## TASK STATEMENT
Wherever a picture appears in the listing, leave it out, and copy the rest exactly.

## RECORDED DATA

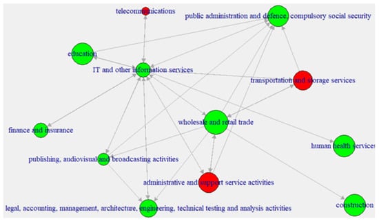 Flows of ICT-educated employees between years 2013 and 2017 (only flows of at least 50 employees are shown). The green and red colours indicate, respectively, an increase and a decrease in ICT-educated employees in the corresponding A38 economic sector. A larger node size corresponds to a higher total number of employees in the sector, independently of the employees’ education.
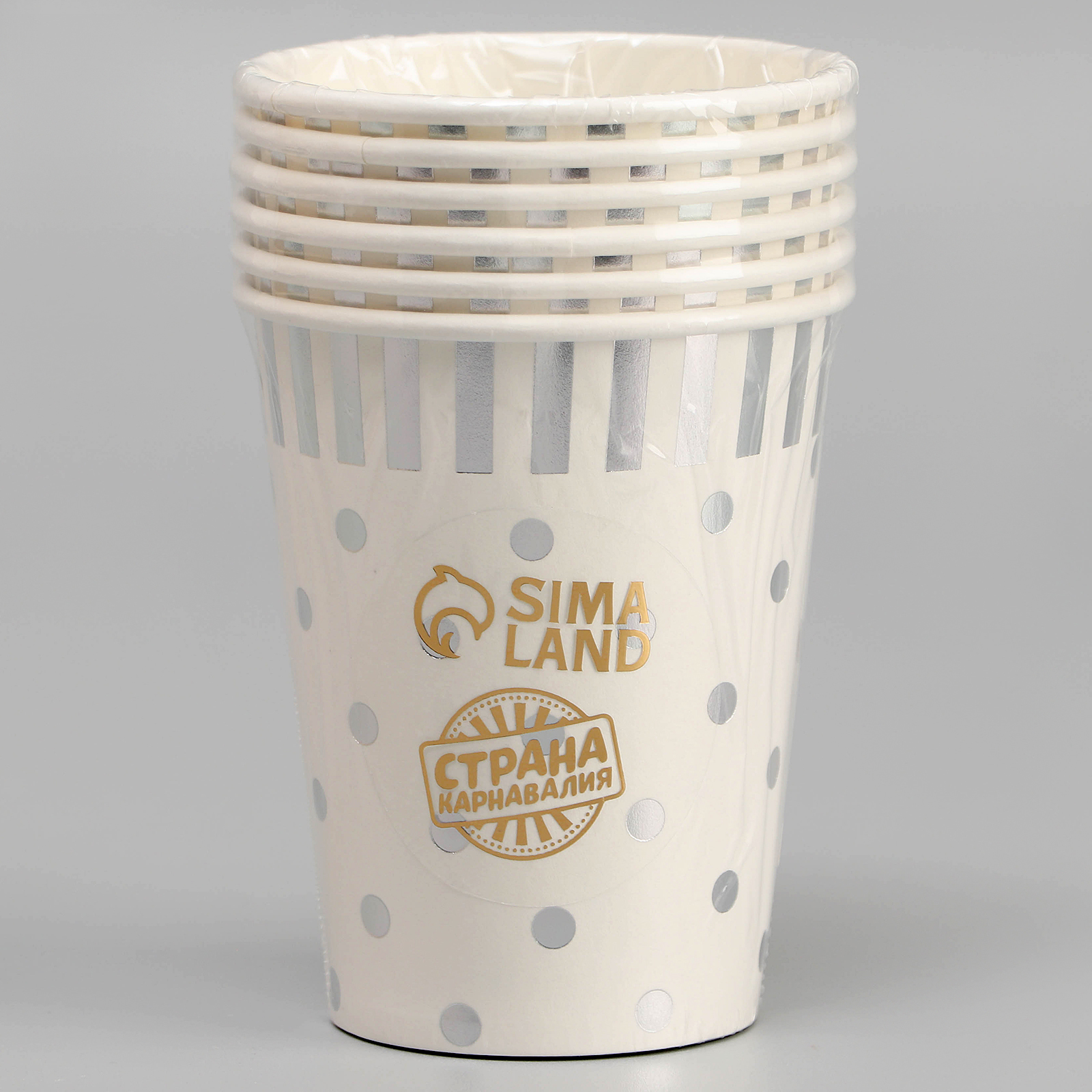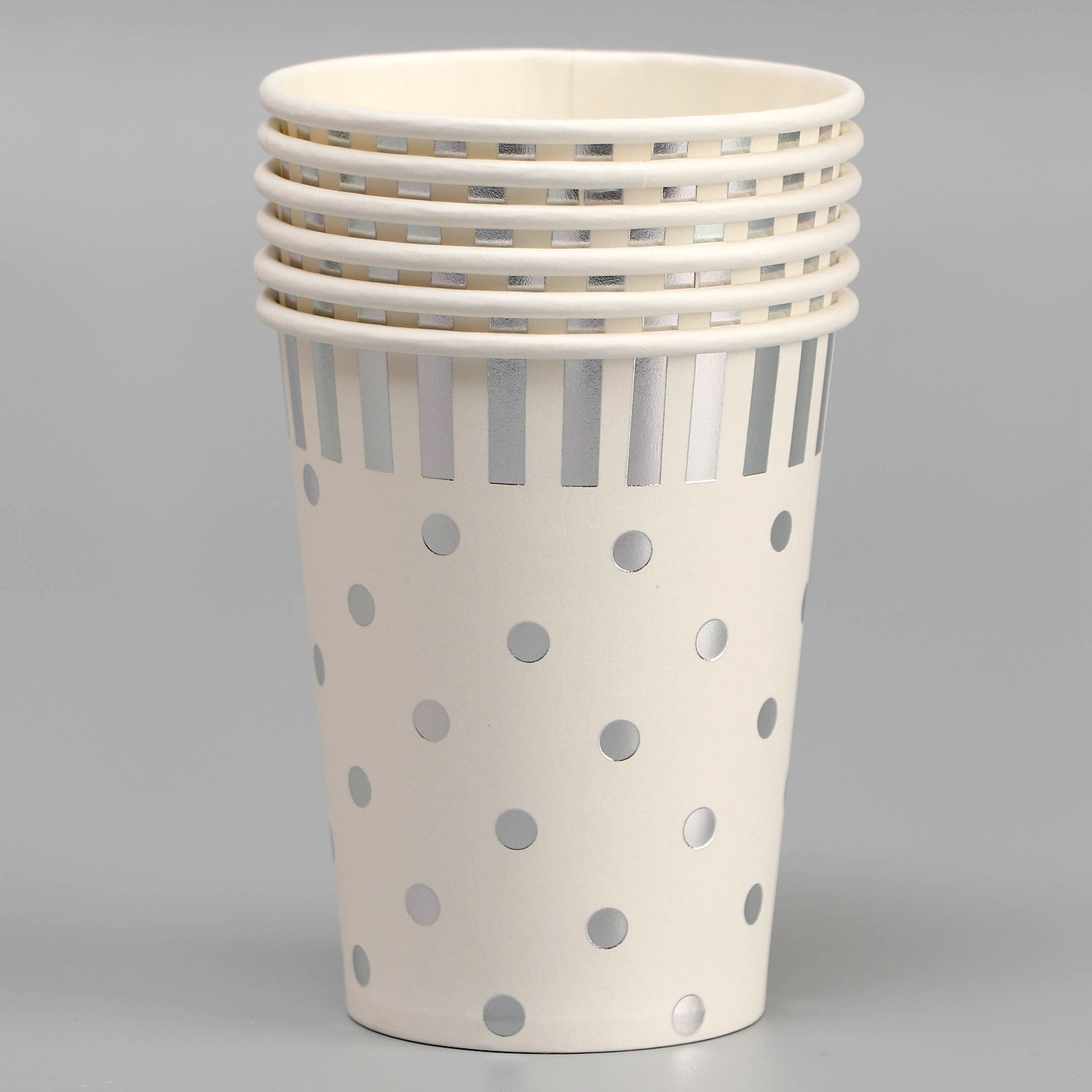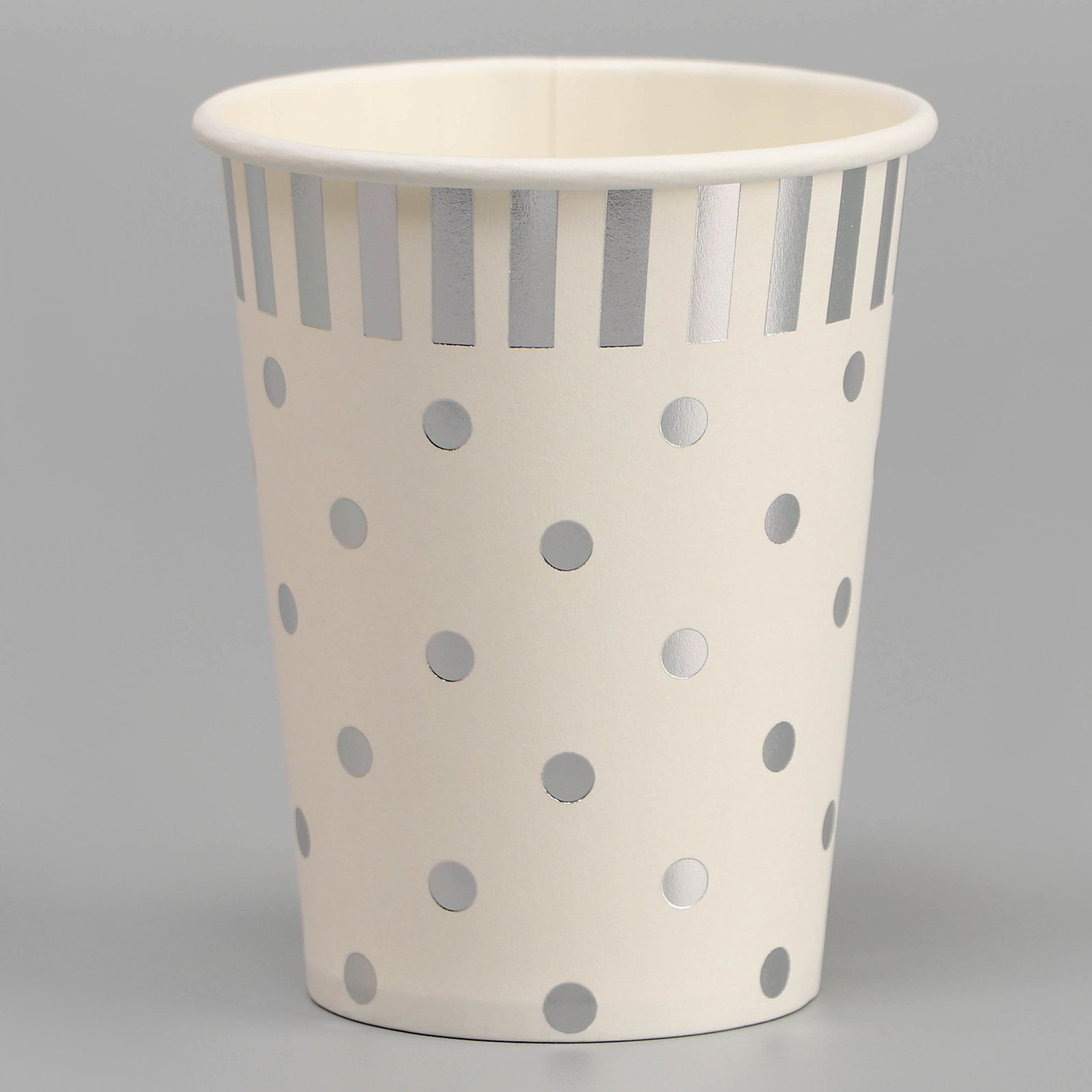 Стаканы бумажные «горох», 6 шт., цвет серебро
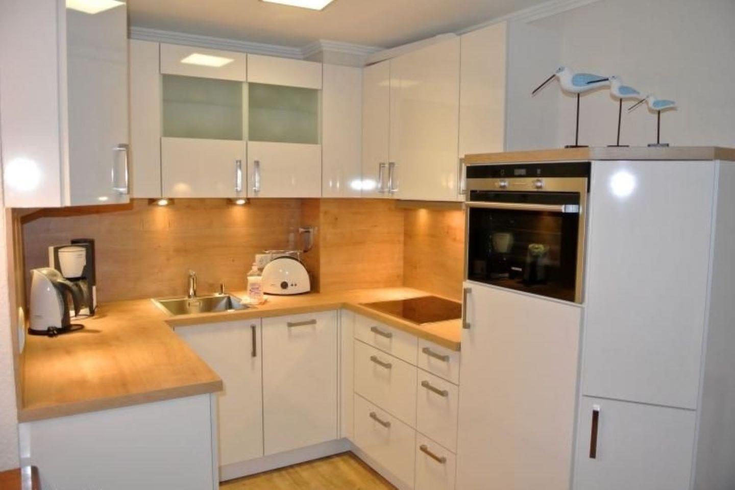 Das Apartment besteht aus insgesamt zwei Zimmern, darunter ein separates Schlafzimmer mit optimalen Schlafmöglichkeiten für zwei Personen. Das offene Raumkonzept der Wohnküche zum Wohnzimmer sorgt für ein großzügiges Wohngefühl. Die Küche ist modern und umfassend ausgestattet: Sie verfügt über einen Ceranherd, Backofen, Kühlschrank mit Gefrierfach, Spülmaschine, Geschirr und Besteck, Kaffeemaschine, Wasserkocher, Toaster sowie einen Eierkocher. So sind Sie bestens gerüstet, auch im Urlaub mühelos selbst zu kochen.
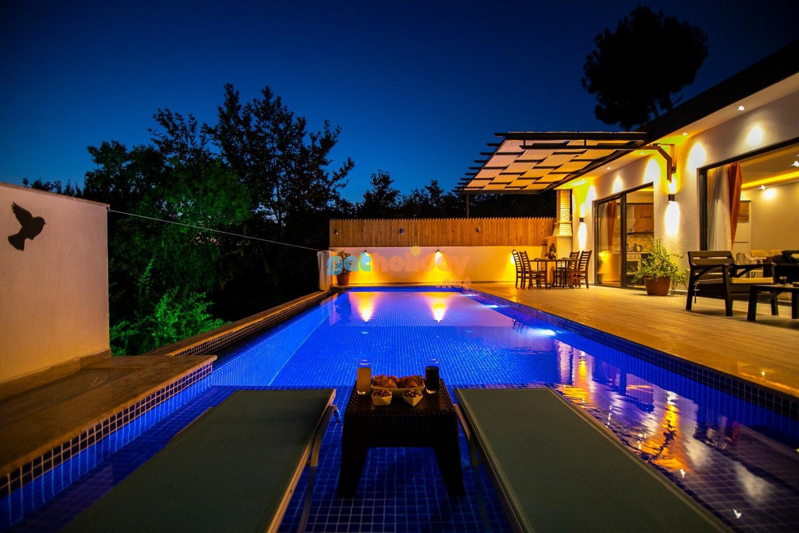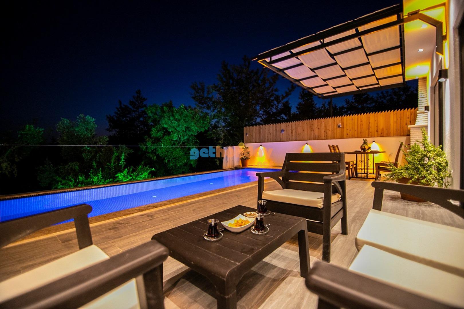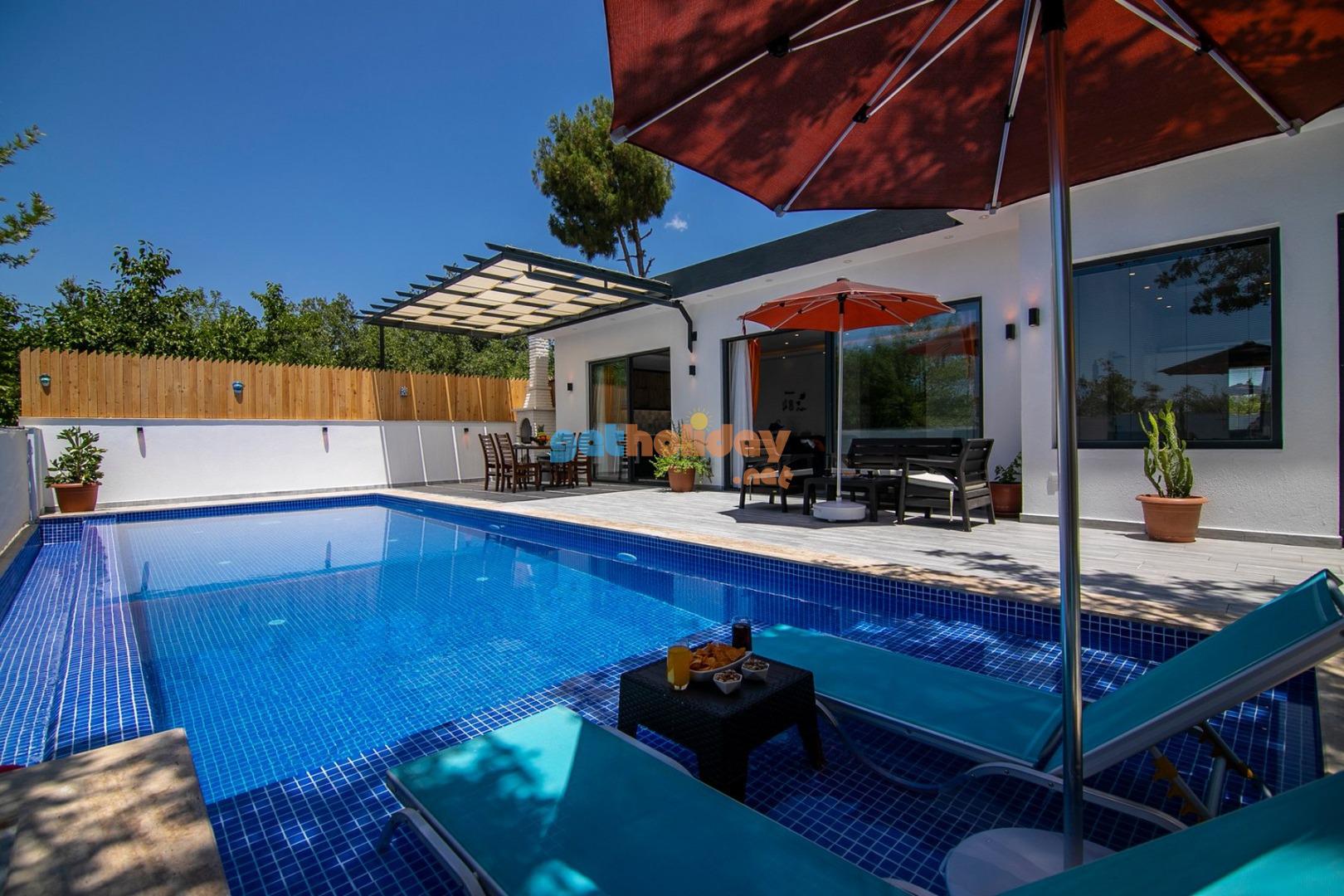 Bahçe : Villamızın bahçesinde özel yüzme havuzu, güneşlenmeniz için 2 adet şezlong, güneşlenme terası, 4 kişilik masa, oturma grubu, mangal keyfiniz için barbekü, güneş şemsiyesi bulunmaktadır.

## RESULT OF THIS EXERCISE
 Flows of ICT-educated employees between years 2013 and 2017 (only flows of at least 50 employees are shown). The green and red colours indicate, respectively, an increase and a decrease in ICT-educated employees in the corresponding A38 economic sector. A larger node size corresponds to a higher total number of employees in the sector, independently of the employees’ education.
 Стаканы бумажные «горох», 6 шт., цвет серебро
 Das Apartment besteht aus insgesamt zwei Zimmern, darunter ein separates Schlafzimmer mit optimalen Schlafmöglichkeiten für zwei Personen. Das offene Raumkonzept der Wohnküche zum Wohnzimmer sorgt für ein großzügiges Wohngefühl. Die Küche ist modern und umfassend ausgestattet: Sie verfügt über einen Ceranherd, Backofen, Kühlschrank mit Gefrierfach, Spülmaschine, Geschirr und Besteck, Kaffeemaschine, Wasserkocher, Toaster sowie einen Eierkocher. So sind Sie bestens gerüstet, auch im Urlaub mühelos selbst zu kochen.
 Bahçe : Villamızın bahçesinde özel yüzme havuzu, güneşlenmeniz için 2 adet şezlong, güneşlenme terası, 4 kişilik masa, oturma grubu, mangal keyfiniz için barbekü, güneş şemsiyesi bulunmaktadır.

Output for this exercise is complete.